= Extracted data =

========================================================================

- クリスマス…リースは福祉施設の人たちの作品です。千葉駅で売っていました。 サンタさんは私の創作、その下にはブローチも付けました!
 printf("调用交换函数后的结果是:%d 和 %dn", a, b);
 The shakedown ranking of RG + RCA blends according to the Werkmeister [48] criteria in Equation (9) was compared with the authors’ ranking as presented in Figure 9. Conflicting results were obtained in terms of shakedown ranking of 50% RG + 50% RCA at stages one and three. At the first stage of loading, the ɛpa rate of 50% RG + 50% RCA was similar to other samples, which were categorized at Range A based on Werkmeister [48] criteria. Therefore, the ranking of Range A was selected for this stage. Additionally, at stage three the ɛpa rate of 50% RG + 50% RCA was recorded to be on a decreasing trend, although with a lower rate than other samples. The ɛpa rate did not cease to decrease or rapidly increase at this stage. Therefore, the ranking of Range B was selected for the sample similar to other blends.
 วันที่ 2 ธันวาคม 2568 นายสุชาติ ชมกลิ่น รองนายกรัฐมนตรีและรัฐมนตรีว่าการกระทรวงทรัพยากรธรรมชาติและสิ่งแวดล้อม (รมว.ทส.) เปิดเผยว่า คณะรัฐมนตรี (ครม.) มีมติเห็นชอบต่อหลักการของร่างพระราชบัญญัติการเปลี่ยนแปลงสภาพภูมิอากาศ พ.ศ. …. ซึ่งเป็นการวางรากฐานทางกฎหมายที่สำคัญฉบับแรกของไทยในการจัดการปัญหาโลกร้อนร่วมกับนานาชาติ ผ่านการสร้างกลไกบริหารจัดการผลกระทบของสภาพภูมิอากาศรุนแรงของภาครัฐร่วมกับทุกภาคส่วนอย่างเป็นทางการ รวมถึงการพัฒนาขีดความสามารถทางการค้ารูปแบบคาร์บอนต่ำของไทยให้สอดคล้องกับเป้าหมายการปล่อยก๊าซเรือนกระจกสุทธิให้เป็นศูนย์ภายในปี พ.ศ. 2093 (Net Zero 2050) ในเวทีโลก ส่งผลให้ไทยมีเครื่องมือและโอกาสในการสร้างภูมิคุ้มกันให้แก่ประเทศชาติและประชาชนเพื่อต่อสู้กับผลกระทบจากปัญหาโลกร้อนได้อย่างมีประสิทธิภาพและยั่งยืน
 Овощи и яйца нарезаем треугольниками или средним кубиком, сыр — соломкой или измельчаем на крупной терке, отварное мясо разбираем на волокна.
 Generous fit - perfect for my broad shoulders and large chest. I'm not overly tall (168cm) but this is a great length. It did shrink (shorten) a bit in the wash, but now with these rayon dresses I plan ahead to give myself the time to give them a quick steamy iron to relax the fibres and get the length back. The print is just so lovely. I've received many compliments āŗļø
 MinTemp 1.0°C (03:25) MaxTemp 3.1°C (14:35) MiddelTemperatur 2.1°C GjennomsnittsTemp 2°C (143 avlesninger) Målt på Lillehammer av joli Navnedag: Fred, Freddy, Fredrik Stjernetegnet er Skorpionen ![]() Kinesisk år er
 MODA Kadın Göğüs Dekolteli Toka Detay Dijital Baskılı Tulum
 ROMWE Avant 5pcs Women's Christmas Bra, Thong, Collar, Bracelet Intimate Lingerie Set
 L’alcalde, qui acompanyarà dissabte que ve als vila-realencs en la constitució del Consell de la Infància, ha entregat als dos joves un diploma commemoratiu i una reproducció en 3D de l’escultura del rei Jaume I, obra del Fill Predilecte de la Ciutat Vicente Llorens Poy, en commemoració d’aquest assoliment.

========================================================================

= Assigned task =
With the line containing "MinTemp 1.0°C (03:25)" as the first and the final line of the entries above as the last, write out that span exactly and nothing more.

= Problem solution =
 MinTemp 1.0°C (03:25) MaxTemp 3.1°C (14:35) MiddelTemperatur 2.1°C GjennomsnittsTemp 2°C (143 avlesninger) Målt på Lillehammer av joli Navnedag: Fred, Freddy, Fredrik Stjernetegnet er Skorpionen ![]() Kinesisk år er
 MODA Kadın Göğüs Dekolteli Toka Detay Dijital Baskılı Tulum
 ROMWE Avant 5pcs Women's Christmas Bra, Thong, Collar, Bracelet Intimate Lingerie Set
 L’alcalde, qui acompanyarà dissabte que ve als vila-realencs en la constitució del Consell de la Infància, ha entregat als dos joves un diploma commemoratiu i una reproducció en 3D de l’escultura del rei Jaume I, obra del Fill Predilecte de la Ciutat Vicente Llorens Poy, en commemoració d’aquest assoliment.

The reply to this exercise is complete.